Mr. MOREHEAD, of Kentucky:—I am opposed to this amendment upon every ground. I would rather see some direct scheme of emancipation adopted and inserted in the Constitution. Adopt this amendment, and the result is inevitable. It would amount to emancipation upon the largest possible scale. Our slaves would escape, you would rescue and pay for them, and that would be the end of them. Why not leave it to Congress to pass the necessary laws upon this subject? The adoption of this amendment would destroy all hope that our labors would be acceptable to the South. I say again, we had better establish emancipation at once.
Mr. DENT:—If this amendment is to be adopted, I hope we shall at the same time reconsider the vote by which we rejected the amendment of the gentleman from North Carolina, requiring the payment by the county, city, or town wherein the slave is rescued from the custody of the law. This provision would make the General Government pay for the crimes of a few citizens in one section. In that case the General Government ought to own the negro. It has paid for him, and the property in him ought to be transferred.
Mr. WILMOT:—There is nothing in this. We do not wish to have the Government own the negro. It is bad enough to have individuals own slaves. We do not propose to turn the Government into an extensive slave owner.
But let me ask the gentleman seriously, who is to own the negro, in such a case, after he has been paid for? Certainly not the former owner, because his right is gone. This amendment only states a conclusion of law; the right of the owner being gone, the negro is free.
Mr. CHASE:—I think a single word will settle this. By the Constitution as it now stands, the escaped fugitive is not discharged from service or labor. The original section, as proposed, requires that the slave should be paid for, when he is rescued. Now, he might be rescued three or four times. Shall he be paid for as often? Do gentlemen claim that his owner shall receive compensation more than once? I cannot see why gentlemen interested in slavery should object to this amendment.

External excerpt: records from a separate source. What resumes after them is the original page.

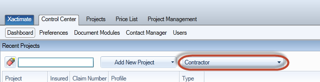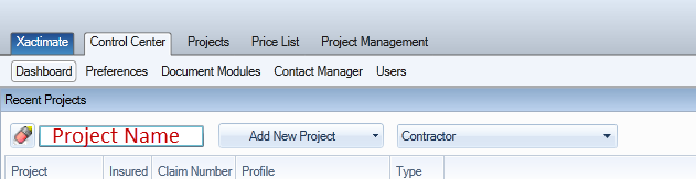 project name or a portion of the project name in the Recent Projects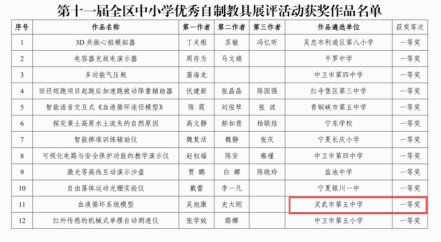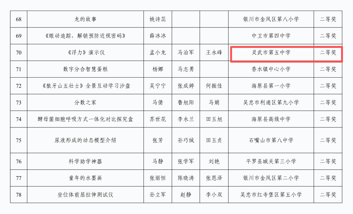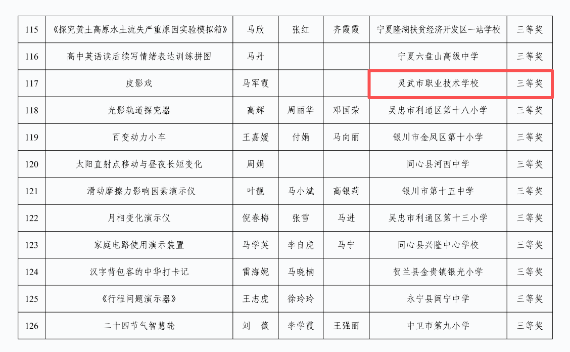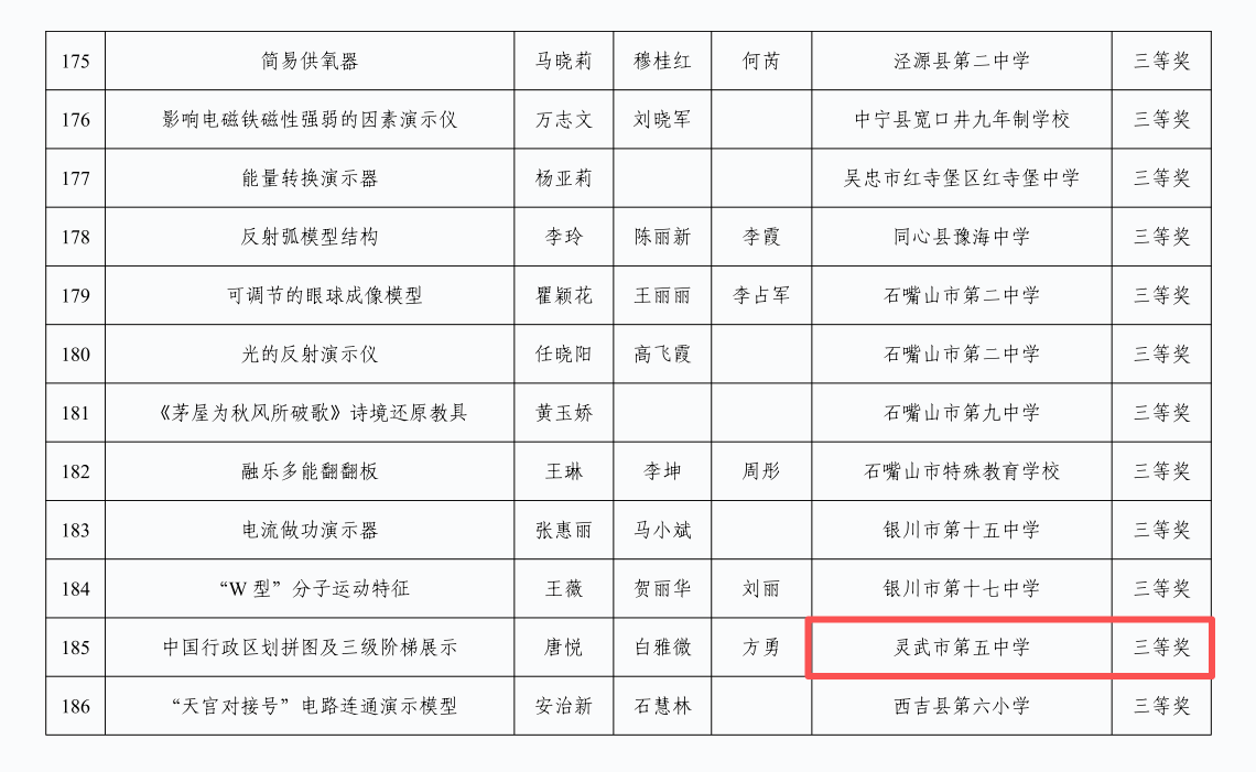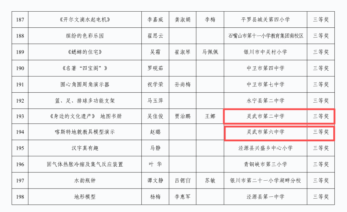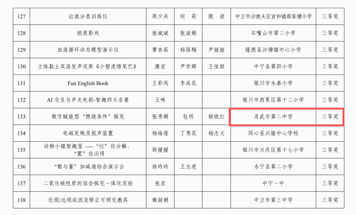 10月19日至21日,自治区教育厅第十一届全区中小学优秀自制教具展评活动在北京师范大学银川学校中学部成功举办。灵武市各中小学积极参与、精心创作,共有 10 件作品脱颖而出,分别荣获一等奖1个、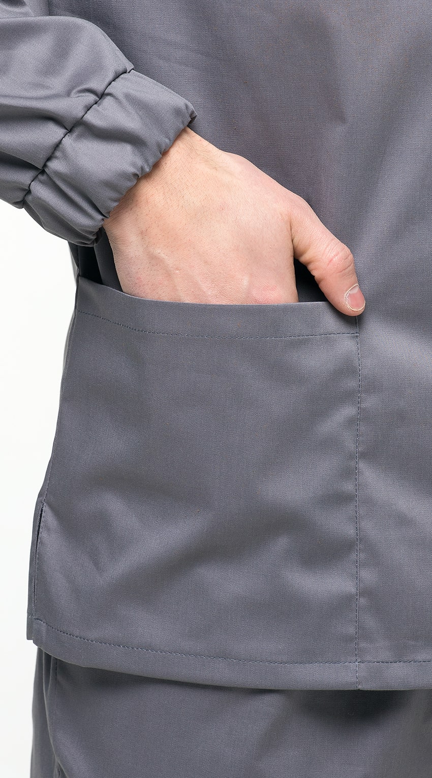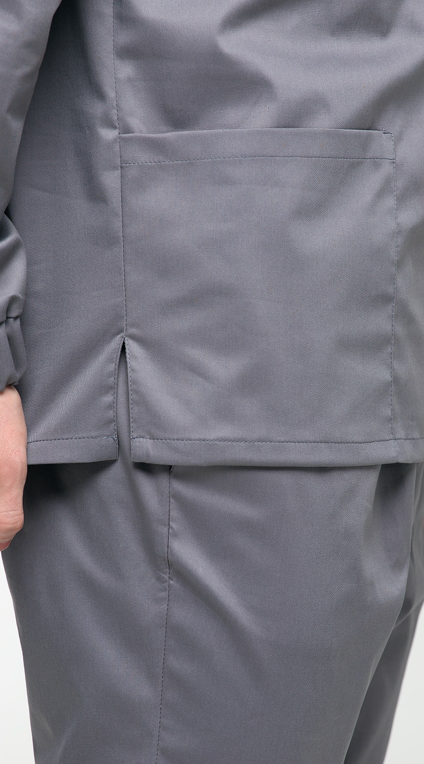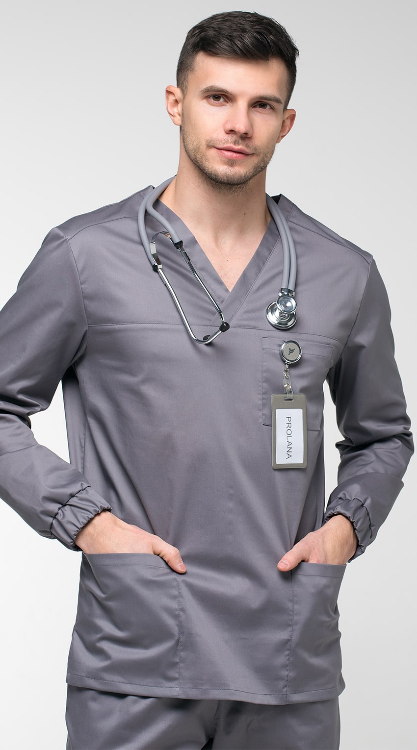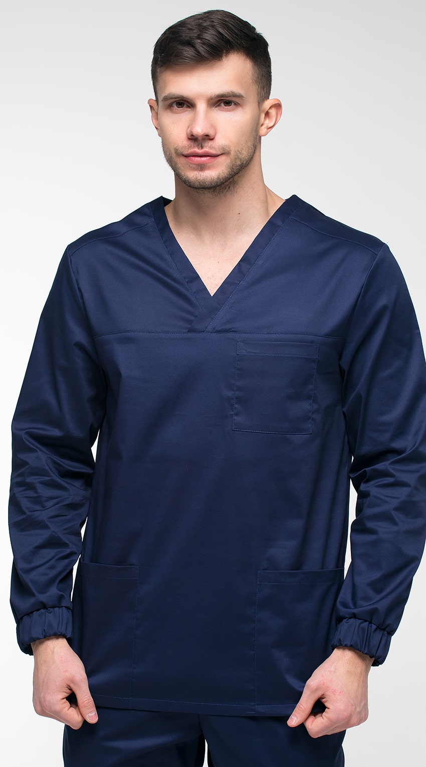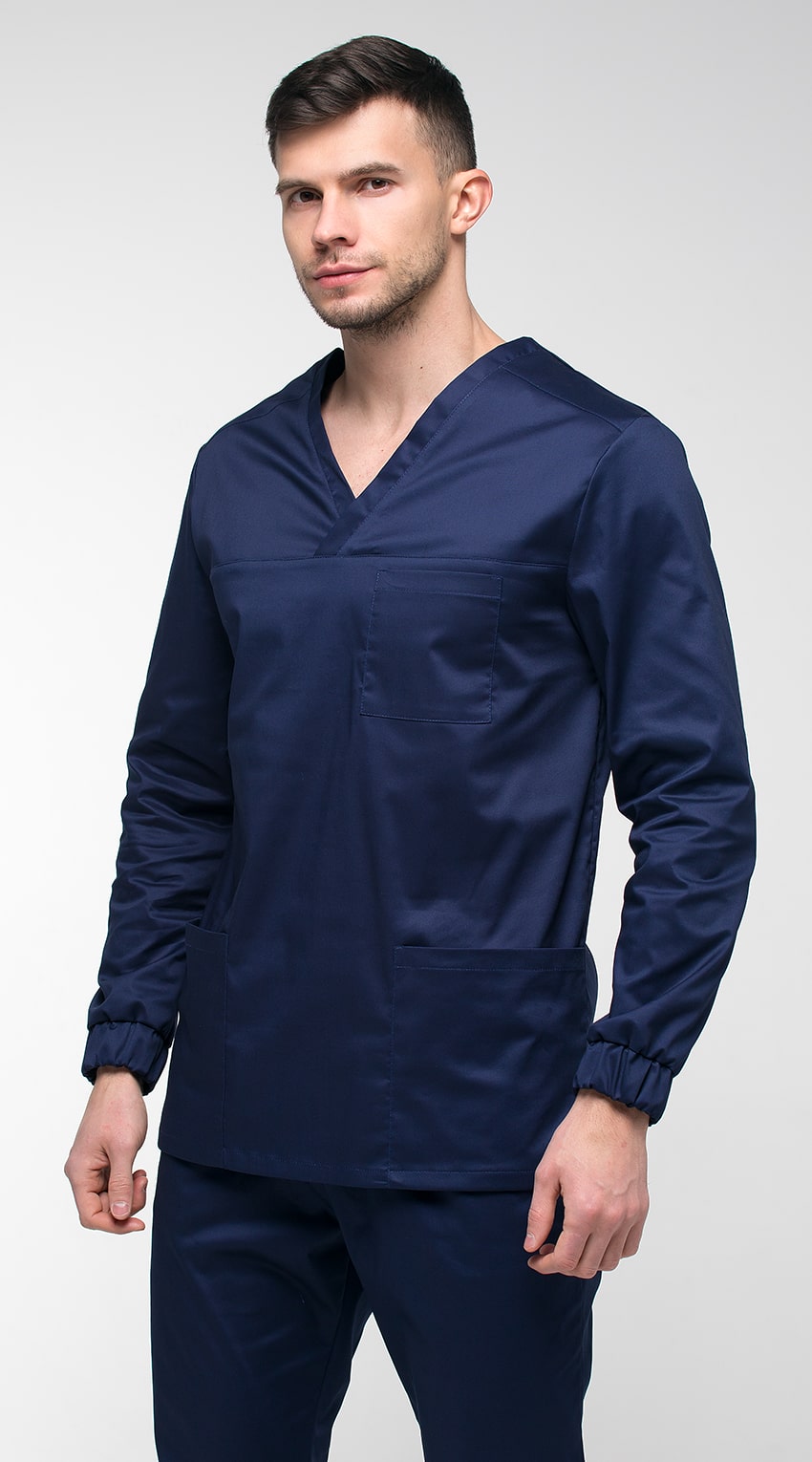 Костюм медицинский мужской состоит из куртки и брюк.Курта прямого силуэта с V-образным вырезом горловины, с разрезами в боковых швах.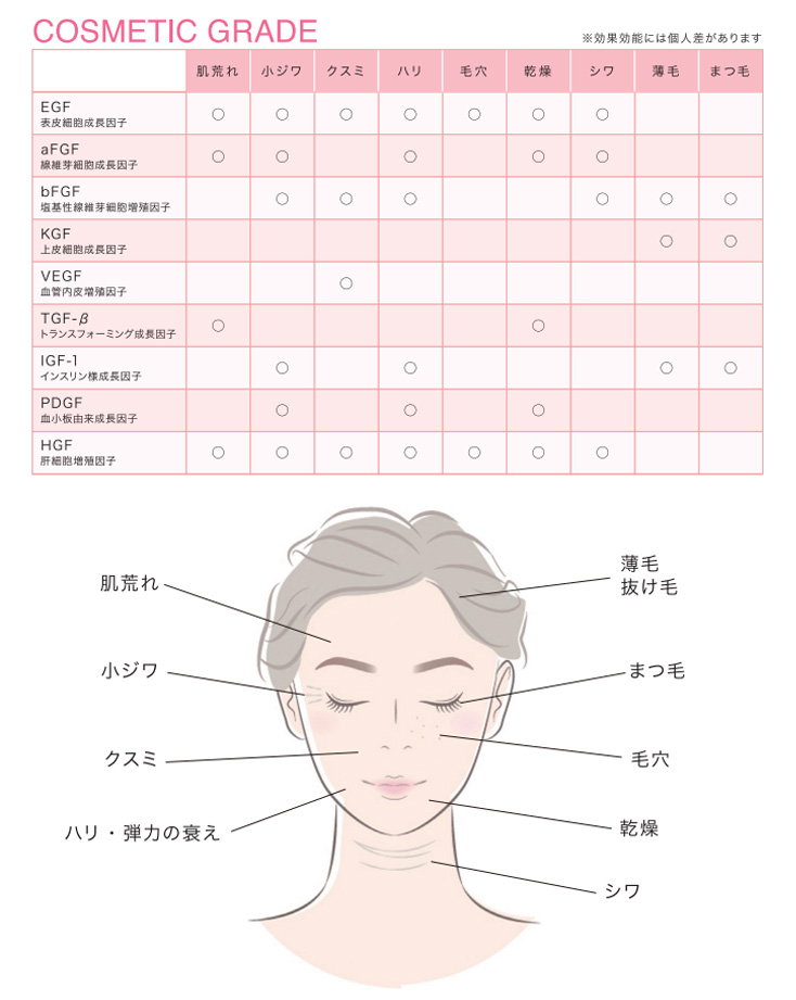 人間から抽出された幹細胞を培養する際に使用した培養液を遠心分離させ、滅菌処理を施した上澄み溶液に含まれる物質です。

Mr. RIVES:—I think if gentlemen would look at this proposition seriously, there would be no difference of opinion among us. Such a proposition would foist into the Constitution a most injurious, pernicious, and troublesome doctrine. By the most ultra abolitionists of the free States the power of emancipating our slaves has been disclaimed. From the organization of the Government, no such right has been claimed by any respectable party or body of men. The question arose in the first Congress, I think, upon the petition of the Quakers of Pennsylvania. It was decided almost unanimously against the power, even when exercised by Congress. But there is no need of multiplying or citing precedents. From that time to this, no political party has claimed the power of emancipation. Such is the universal doctrine now.
The right to abolish slavery in the District of Columbia is now claimed by some. I think that is the doctrine of Mr. Chase. But upon what argument is it founded? Simply this: That the States, by the act of cession, have surrendered this power to Congress. This is the only argument I have ever heard in favor of the right, even in the District.
But this amendment proposes a most comprehensive scheme of emancipation. It accomplishes emancipation in every one of the slave States. It amounts to forcible emancipation upon the principle of compensation.
The point has been well stated by gentlemen who have preceded me. Place this in the Constitution, and there is an end of returning fugitives. The very courts will act upon it. They will say that if any one will come forward and pay the value of a slave when arrested, all the requirements of the Constitution are satisfied, and he shall go free.